Nucleic Acid Amplification Tests (NAATs) for Chlamydia trachomatis (CT) and Neisseria gonorrhoeae (GC) have become routine. These methods are validated for use with urogenital samples and have a faster turn-around-time for results with automation. Testing of non-validated samples is common which raises concerns about assay performance. In Australia, the 2005 Public Health Laboratory Network (PHLN) guideline recommends repeat testing of all initial positive GC NAAT results with a suitable alternate NAAT assay. In this study, results from > 70,000 patient samples from 2 laboratories were reviewed in accordance with the PHLN recommendations. The laboratories used the APTIMA Combo 2 (AC2) and APTIMA Neisseria gonorrhoeae (AGC) assays with the PANTHER instrument.

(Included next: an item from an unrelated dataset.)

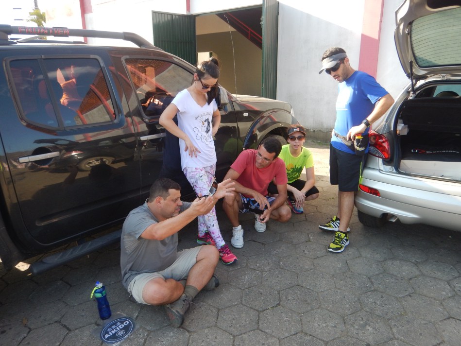 No momento reunindo a turma, Douglas Fronza contava sua experiência ao caminhar mais de 200 km no Desafio Off Roaders na Praia do Casino. Foi solo em total autossuficiência com sua mochila cargueira, barraca e o item principal… o mental treinado!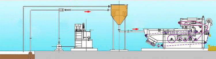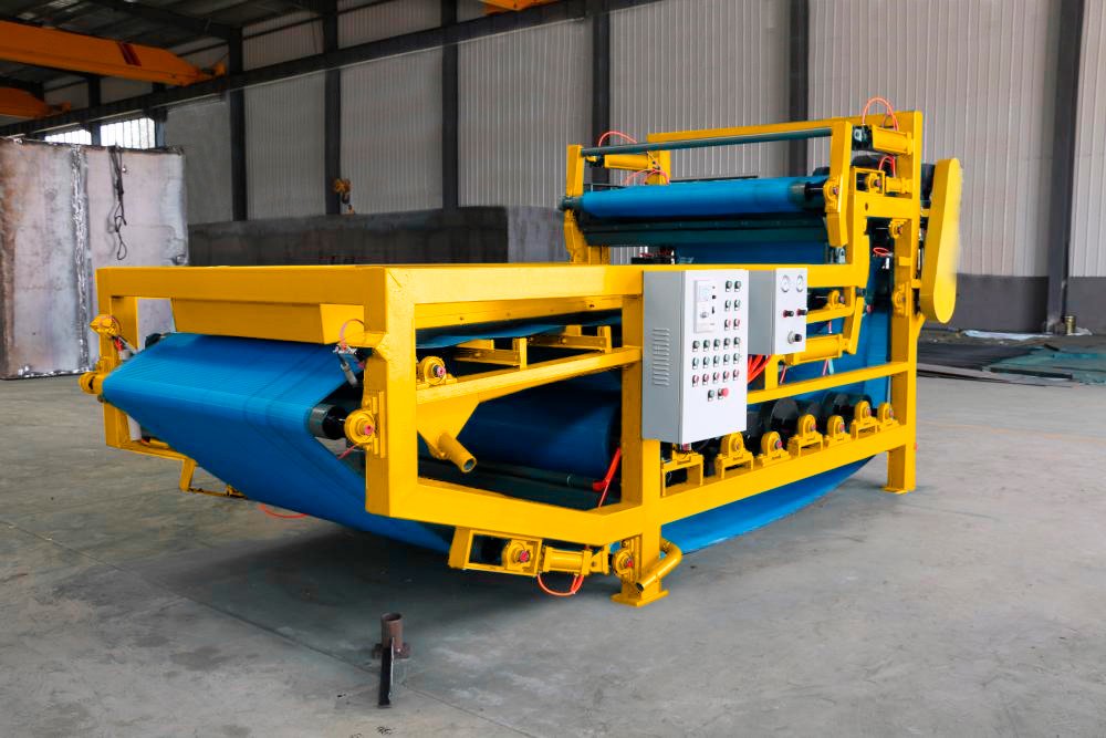 Las partículas pequeñas en los lodos se coagularán en floculantes de mayor tamaño después de que se proceda a mezclar los lodos concentrados y cierta concentración de floculantes. De esta manera los lodos floculantes serán llevados por filtro de banda, en este lugar el agua libre se separa bajo la acción de gravedad. Los lodos en el estado dinámico se encuentran sin salida (aprisionados) entre la parte superior e inferior de la banda. Para finalizar, los lodos son gradualmente presionados en las tortas de filtración para ser descargados, todo esto se da bajo la acción de fuerza de extrusión y la fuerza de corte en la zona precomprimida, la región de baja y alta presión.

72,253 AC2 results were available for analysis which included 1,174 (1.68%) initially AC2 reactive (positive or equivocal) samples which also had results for the AGC assay used as the confirmatory assay. For the reactive samples, the agreement between the AC2 and AGC assays occurred in 97.19% of samples; 1135 were positive in both assays and 6 were equivocal in both assays. Sample types tested included those with manufacturer’s validation claims; urine, ThinPrep, vaginal, endocervical and urethral swabs and non-validated samples including throat, rectal, eye and joint fluids. Samples from throat swabs showed the highest numbers of discordant results followed by rectal swab samples. The percentage agreement of results obtained from all sample types was excellent, with an overall PPV of > 99%.
Without confirmatory testing, false positive results would have been reported for 13 samples representing 0.02% of all samples tested. This study demonstrates that the initial AC2 results can be accepted with high confidence.